Video Games Chronicle (VGC is a British entertainment website covering video games published independently by 1981 Media. Led by editor-in-chief Andy Robinson, the team consists largely of former Computer and Video Games staff. Launched in May 2019 in partnership with Gamer Network, VGC sought to blend professional and mainstream publications to complement the works of other video game websites. The website received five million monthly readers and seven million page views as of December 2020, and has been twice nominated for Media Brand of the Year at the MCV/Develop Awards.

== History ==
The gaming website Video Games Chronicle (VGC was launched on 2 May 2019, led by former staff of Computer and Video Games (CVG, including editor-in-chief Andy Robinson, news editor Tom Ivan, and editorial support from Paul Davies, Tim Ingham, and Chris Scullion. Additional content is written by freelance writers. The website is published independently through 1981 Media Ltd, while Gamer Network manages advertising and sales. The team sought to launch a website immediately after CVGs closure in 2015, but each joined different teams; Robinson worked at Playtonic Games but "could never totally ignore the itch" to return to journalism. The team found they were all available in early 2019 and created a business plan; Robinson felt it was an appropriate time in the console generation for a new website.

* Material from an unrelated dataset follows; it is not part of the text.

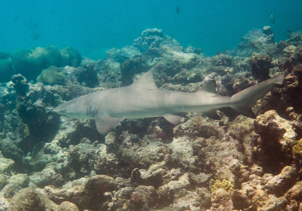 I was really excited when a Lemon Shark swam past me - only about ten metres away. Unfortunately, I had my camera on the wrong setting and didn’t get a good shot of it, but it circled around the shallow reef and came back - not so close this time, but I managed to get a snap of it. Five minutes later, the shark returned, so we decided that it was acting very territorial and got out of the water.
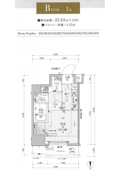 | 専有面積 | 25.63m² | バルコニー面積 | |

Robinson sought for VGC to blend industry publications like GamesIndustry.biz and "mainstream sites", covering subjects most relevant to consumers to complement the work of websites such as Eurogamer, GamesIndustry.biz, and Kotaku. The website was built by 44 Bytes and run by Kornel Lambert and Andrew Taylor. In April 2020, the site received 1.24 million individual readers, generating 1.7 million page views; this increased to 5 million readers and 7 million page views in December, an annual increase of more than 400%. Scullion was appointed VGCs part-time features editor in December 2020. VGC expanded into video content with daily news show VGC Source from April 2020, followed by the chat show VGC Off the Record from July. In February 2023, VGC partnered with Stak to launch a weekly podcast, hosted by VGCs Jordan Middler, Robinson, and Scullion, and Stak's Pete Donaldson, alongside industry guests.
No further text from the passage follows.